Past relationship-oriented interventions targeting smoking cessation have attempted to manipulate partner support for quitting, with little success (May & West, 2000; Park, Tudiver, Schultz, & Campbell, 2004; Westmaas et al., 2010). The results from the current study suggest that interventions might attempt to enhance perceptions of perceived responsiveness. Perceived responsiveness arises through the experience of actual, objective events demonstrating (or failing to demonstrate) caring (Collins & Feeney, 2000; Debrot, Cook, Perrez, & Horn, 2012) but also through motivated perceptions biased by people’s own needs, goals, and wishes (Lakey & Cassady, 1990; Lemay, Clark, & Feeney, 2007). If these findings were replicated, relationship-oriented smoking cessation programs might direct efforts at minimizing smokers’ negatively biased perceptions of their partner in combination with, or even instead of, targeting the partner’s actual behavior.

HIGHLIGHTS.

  • Romantic partners influence smoking cessation in important ways (e.g., support).

  • This paper examines the impact of perceived responsiveness on smoking cessation.

  • Perceived responsiveness predicted cessation beyond support or satisfaction.

  • Findings may be relevant for partner-oriented interventions for smoking cessation.

ACKNOWLEDGEMENTS

We thank Rebecca K. Eliseo-Arras, Courtney Hanny, Yan Yan Sze, Kathryn Solecki, and a team of undergraduate research assistants for their assistance in conducting this research.

FUNDING

Research reported in this publication was supported by the National Institute on Drug Abuse (NIDA) of the National Institutes of Health under award number R21DA034068. The content is solely the responsibility of the authors and does not necessarily represent the official views of the National Institutes of Health.

Footnotes

DECLARATION OF INTERESTS

The authors declare no potential conflicts of interest with respect to the research, authorship, and/or publication of this article.

1

We also conducted analyses examining smoking in the first 24 hours and three days. Results were comparable to those for first week smoking.

2

We also conducted analyses examining smoking in the final three days and 24 hours. Results were similar but the effect for perceived responsiveness failed to reach statistical significance.

3

Given the high correlation between satisfaction and perceived responsiveness in the current study (r=.77), readers might question what remains after the variance due to satisfaction is partialed from the equations.

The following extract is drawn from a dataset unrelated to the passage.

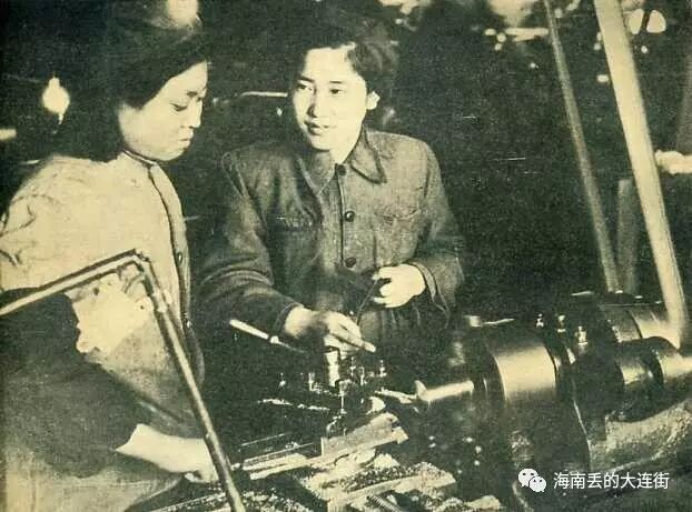 1951镟盘女工戚桂芝(右)是旅大区的一等劳动模范, 被选为东北人民代表大会和中国铁路工会全国委员会委员。

We believe that partialing out satisfaction takes away the variance attributable to one’s own feelings toward the partner, leaving behind beliefs about the partner’s feelings toward the self (see Derrick et al., 2012; Murray et al., 2000).

4

One potential explanation is that satisfaction and perceived responsiveness might be so highly correlated as to be collinear, and thus the unexpected results for satisfaction might be a statistical artifact. Indeed, inspection of our primary results (Tables 24) reveals unexpectedly wide confidence intervals (and inflated standard errors) for two satisfaction results (see Table 3). However, the 95% confidence intervals for perceived responsiveness appeared normal, and the effect of perceived responsiveness on smoking outcomes was marginally significant when satisfaction was omitted from the model (see note to Table 3). Furthermore, the confidence intervals for some of the demographic variables were unexpectedly wide. Therefore, the culprit for multicollinearity appears to be a demographic covariate, and not perceived responsiveness.